His eyes tracked the cargo crates stacked along the alley’s edge. Freight marked in Cyrillic. He knew what some of it was—black-market stims, painkillers, blood bags. Supplies meant for those willing to walk through Hell to make it to the next round.

He didn’t flinch when a familiar pair of boots echoed down the steel steps behind him. Sir Lionel Montbar descended like a knight entering sacred ground, his face half-shadowed beneath a battered hood. But Montbar said nothing. He just stopped beside Lim, standing vigil with arms crossed behind his back.

Lim didn’t look up.

Lim: Do you believe in ghosts, Lionel?

Montbar: I have seen many things that defy logic. I know not what realm they come from. To be honest, I know not if I originated from this realm.

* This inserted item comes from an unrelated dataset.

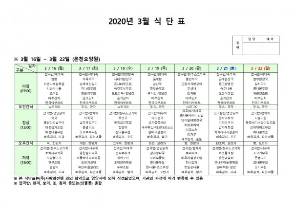 3월 셋째주 식단표 페이지 정보 작성자 은천노인복지회 작성일20-03-23 14:50 조회177,913회 댓글0건 관련링크 이전글 다음글 목록 답변 본문 . 이전글 다음글 목록 답변

Lim: Moon is dying… and I see him every time I close my eyes. Not the way he was. The way he looked when they rolled him into surgery—chest collapsed, lips turning blue. It felt like the American military had come back for us.

Montbar said nothing. Lim pressed his palms together, knuckles white from pressure.

Lim: They talk about honor. They talk about redemption. But what I see… what I hear when it’s quiet… is fire. Screams. And the sound of nuclear bombs disintegrating our future like it’s already been decided.

He looked up now, face caught half in shadow, half in the arena’s backlight. His eyes weren’t wild. They were carved from obsidian—still, sharp, unreadable.

Lim: I don't fight to make the crowd cheer. I don't fight to uphold tradition. I fight because my country is gone, and the only family I have left is bleeding. Because Sato left Moon in a pool of his own blood. Because I’ve spent my whole life being told who I am by the outside world. American scum. Korean tyrant’s bastard son. Spoiled prince. All of it.

He stood slowly, adjusting his wrists.

Lim: Tonight... I write the truth in broken bone and ruptured tendon. I am not my father’s name. I am not your king’s puppet. I am not a cautionary tale.

He turned to Montbar now, stepping into the faint glow of the floodlights. There was no rage in his voice anymore. Just clarity. Cold and clean.

Lim: Maki and Sato will walk into that ring thinking they’re martyrs. Beloved by fans. Protected by fate. But fate doesn’t fight the match. I do. And there is no redemption waiting for them. There is no forgiveness. Only consequence.

Montbar gave a solemn nod, eyes glimmering beneath the hood.

Montbar: Then let us enter the arena as lions, not pawns. One seeks glory. The other seeks reckoning. But both must wield the sword.

Lim stepped forward, out of the shadow.

Lim: I don’t need the sword. I am the fire.

He walked off into the glow of the arena tunnel—each step heavy with purpose, silence echoing behind him. Montbar lingered, watching him disappear down the corridor, then followed with the measured grace of a man marching toward the jaws of a dragon. The night swallowed the alley. And behind the concrete walls of Saitama, the crowd began to roar.